Malaysia, under newly-elected Prime Minister Mahathir Mohamad, is trying to uncover the extent of alleged embezzlement or money laundering at 1MDB, set up by former premier Najib Razak in 2009 to attract foreign investment. There are global criminal and regulatory probes as investigators attempt to trace if money flowed out through a complex web of opaque transactions and fraudulent shell companies to finance what the US said were spending sprees by corrupt officials and their associates.
"I have instructed that the Ministry of Finance take steps to appoint PwC to conduct a special position audit and review of 1MDB so that Malaysians would know the true financial state of affairs in 1MDB," Lim said. "We would then be able to determine the cost of the shenanigans to the taxpayers."
Irregular Transactions
In April 2016, a Malaysian parliamentary committee identified at least US$4.2 billion in irregular transactions in 1MDB. The US alleges a small coterie of Malaysians may have diverted more than US$4.5 billion from the fund into personal accounts disguised to look like legitimate businesses, and kicked back some of those funds to officials.
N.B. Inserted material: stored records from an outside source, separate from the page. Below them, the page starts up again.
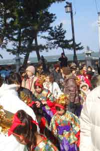 海は強風のため白波が立ち、保護者に手を引かれた稚児行列のお子さんたちも、いかにも寒そうでしたが、無事ゴールの賓日館へ入場していきました。 賓日館は明治20年伊勢神宮に参拝する賓客の休憩、宿泊施設として建設されました。歴代諸皇族方、各界要人が沢山宿泊されたそうです。 明治44年2月隣接する二見館に払い下げられ、二見館別館として平成11年まで貴人の宿泊所とされてきました。 |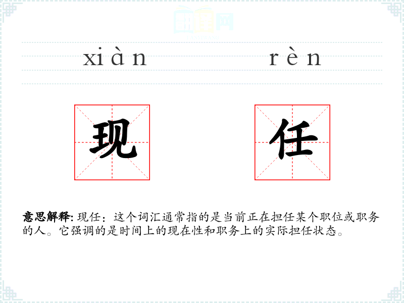 现任:这个词汇通常指的是当前正在担任某个职位或职务的人。它强调的是时间上的现在性和职务上的实际担任状态。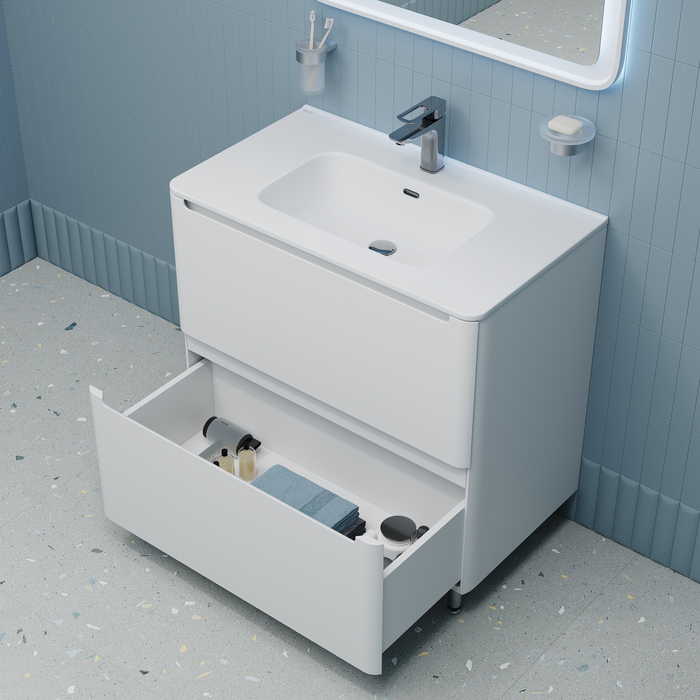 Напольная тумба Edifice с плоским умывальником – новое решение для организации пространства ванной, сохранившее узнаваемый облик любимой коллекции. Мебель Edifice – воплощение современного минимализма: мягкие линии корпуса в сочетании с удобными интегрированными ручками выглядят свежо и актуально. Хромированные ножки гармонично дополняют белый полуматовый фасад и поддерживают дизайн смесителей IDDIS® из одноименной коллекции. Напольная тумба Edifice – удобное продуманное решение для тех, кому нужна увеличенная вместительность для хранения тяжелых предметов: больших пакетов со стиральным порошком и емкостей с бытовой химией.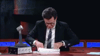 Stephen Colbert intently sifting through a stack of receipts and papers at a desk.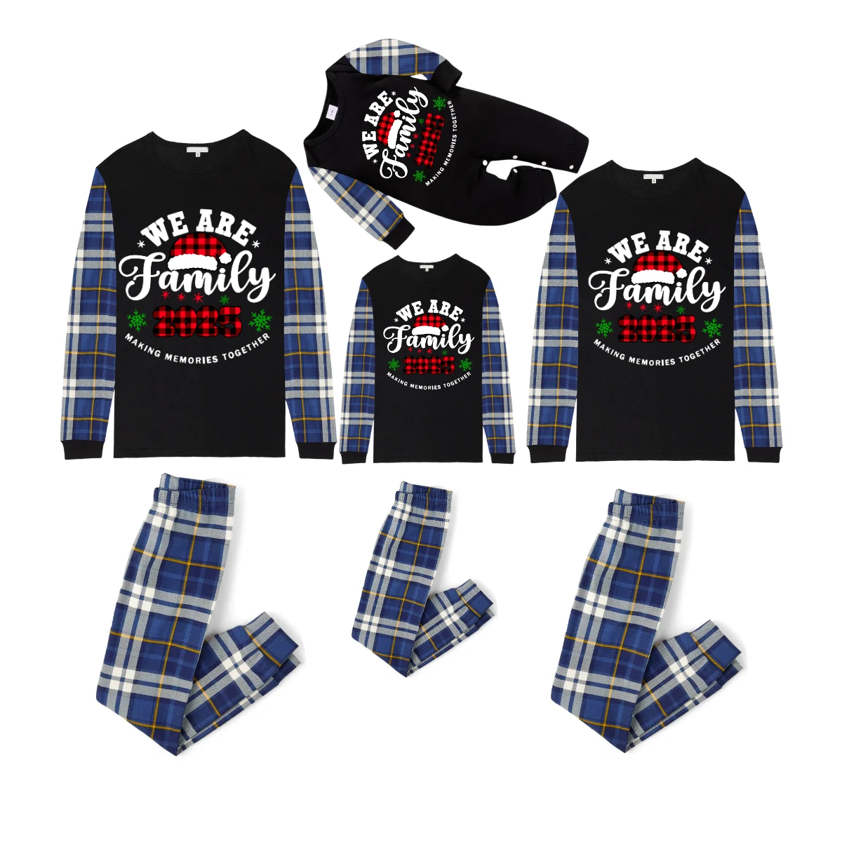 2025 We Are Family Christmas Family Pajamas Set - Black Top / Blue Plaid Pants / Blue Plaid Sleeves
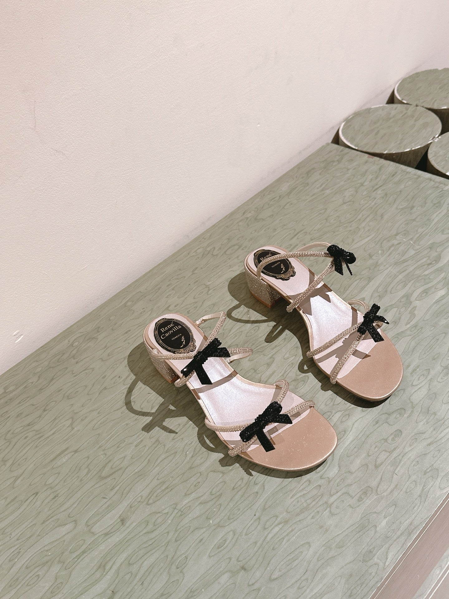 RC 25 Diamond Bow Attached High Heeled Pink Nude Silk Rhinestones 268054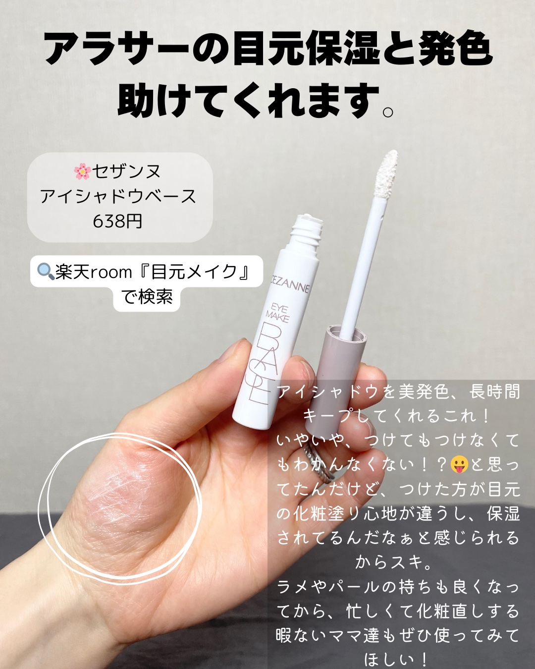 | アイシャドウベースランキング第3位 | アイシャドウがピタッと密着して、使用していない時と比べるととても落ちにくい しっかり色味を発色させてくれる | 詳細を見る | |

Singapore has punished banks over lapses related to 1MDB, seized hundreds of millions of assets and jailed bankers over the scandal.
The company has consistently denied any wrongdoing and repeatedly said all its funds are fully accounted for.
1MDB President Arul Kanda had previously said there is 31 billion ringgit ($10.5 billion) of mostly long-term debt outstanding, down from a peak of 50 billion ringgit, while data compiled by Bloomberg shows 26.8 billion ringgit of bonds and interest payments are due by 2023.
1MDB’s dollar bonds due 2023 dropped about 2 cents to around 90 cents on the dollar on Thursday, traders said.
Dollar Debt
Abu Dhabi’s International Petroleum Investment Co. guaranteed two separate dollar-denominated bonds for 1MDB in 2012 in deals arranged by Goldman Sachs Group Inc. that raised US$3.5 billion. The bonds due in 2022 were the subject of a dispute in recent years on who’s liable to make interest payments on the debt. The ownership on one of the issues isn’t known because it was a private placement, while data compiled by Bloomberg shows there is no single investor that holds more than 5.1% of the bonds on the other set.
In a settlement agreement with IPIC last year, 1MDB assumed the coupon and principal obligations for the bonds, and the company said it would meet the payments by cashing out on investment fund units that it owned.
Those are the same investments that 1MDB director Kamal Mohd Ali called "a scam," according to the finance ministry statement.
The revelations come after the finance minister said on Tuesday that Malaysia’s government debt has been inflated by 1MDB’s borrowing and exceeds 1 trillion ringgit. That was higher than previously disclosed by Najib’s administration as it was masked by the way the accounts were reported, he said.